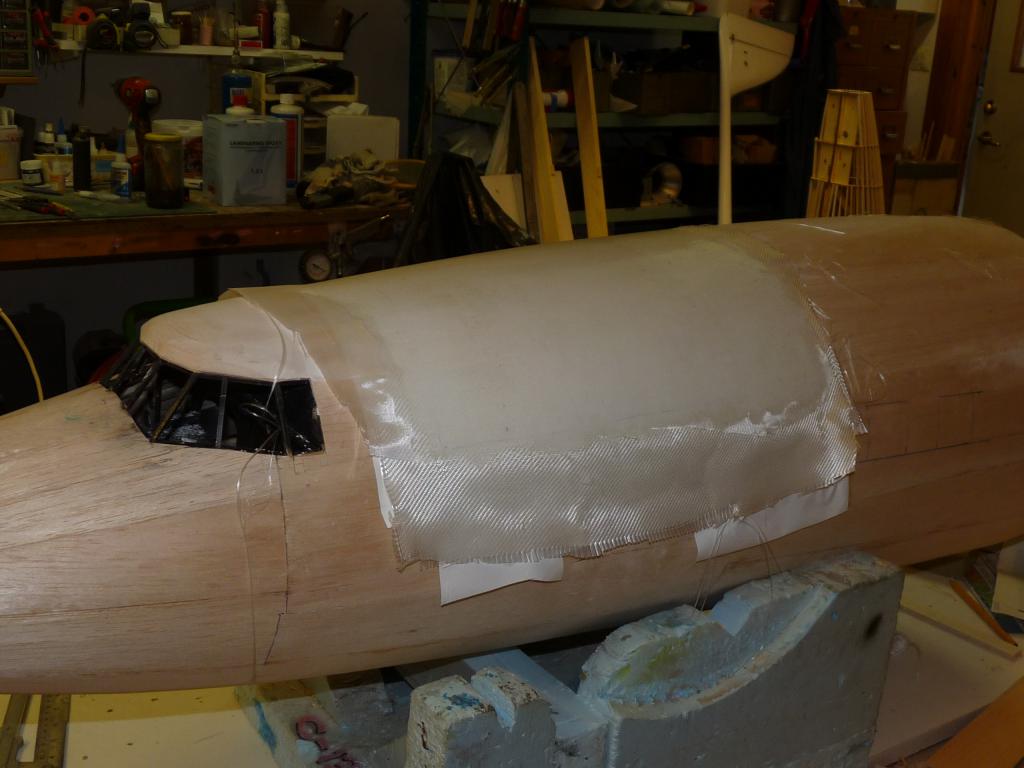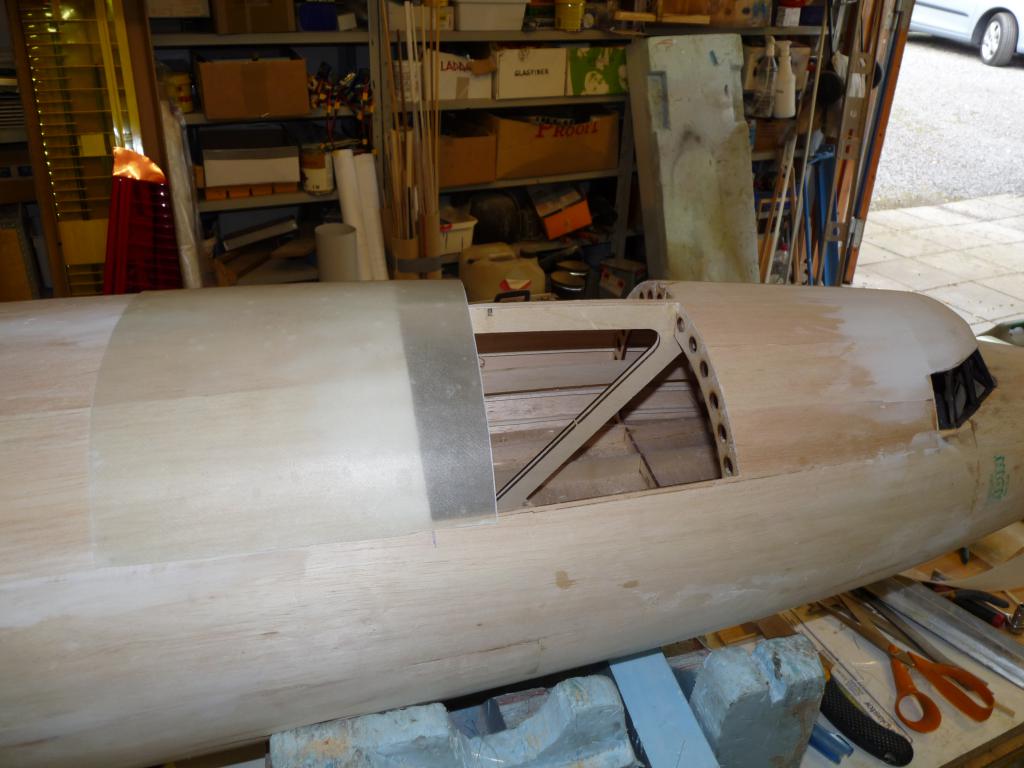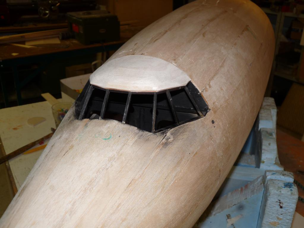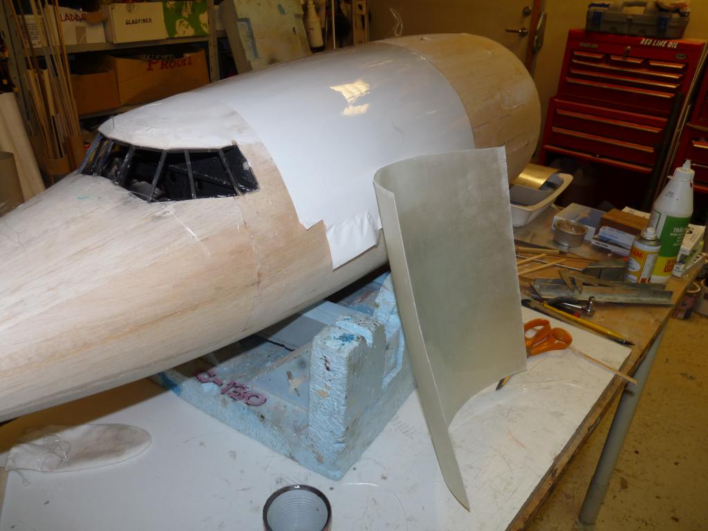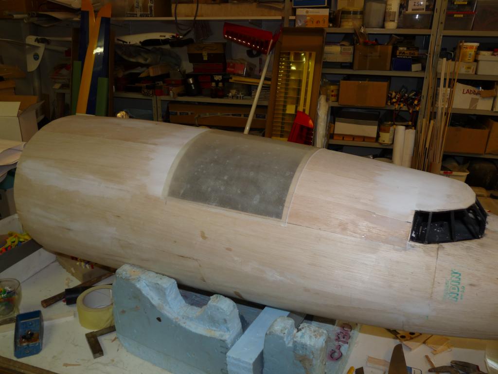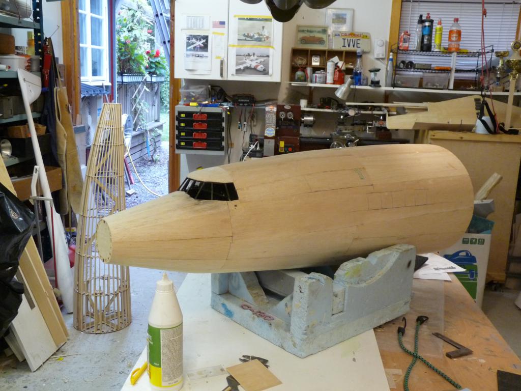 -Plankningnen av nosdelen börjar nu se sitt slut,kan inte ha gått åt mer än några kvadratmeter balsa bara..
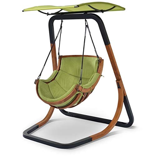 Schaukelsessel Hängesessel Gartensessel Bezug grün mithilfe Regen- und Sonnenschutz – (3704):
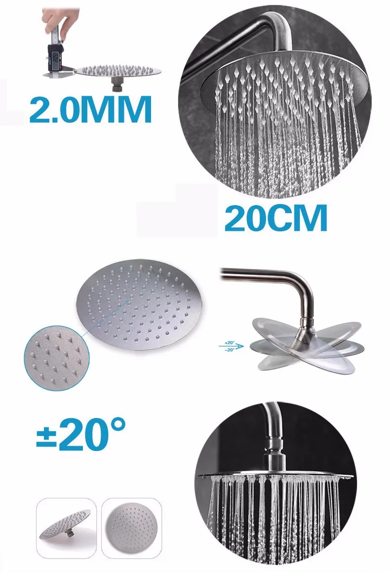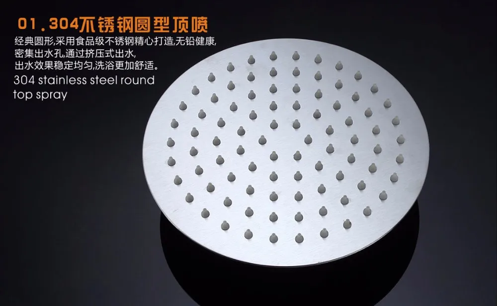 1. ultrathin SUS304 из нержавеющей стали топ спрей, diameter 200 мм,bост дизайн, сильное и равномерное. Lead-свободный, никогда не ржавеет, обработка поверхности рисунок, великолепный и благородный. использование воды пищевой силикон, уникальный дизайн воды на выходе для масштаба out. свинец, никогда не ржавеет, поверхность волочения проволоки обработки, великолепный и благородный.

------------

[WHAT THE TASK ASKS] Your copy should match the data above exactly, apart from the pictures.

[OUTPUT]
 -Plankningnen av nosdelen börjar nu se sitt slut,kan inte ha gått åt mer än några kvadratmeter balsa bara..
 Schaukelsessel Hängesessel Gartensessel Bezug grün mithilfe Regen- und Sonnenschutz – (3704):
 1. ultrathin SUS304 из нержавеющей стали топ спрей, diameter 200 мм,bост дизайн, сильное и равномерное. Lead-свободный, никогда не ржавеет, обработка поверхности рисунок, великолепный и благородный. использование воды пищевой силикон, уникальный дизайн воды на выходе для масштаба out. свинец, никогда не ржавеет, поверхность волочения проволоки обработки, великолепный и благородный.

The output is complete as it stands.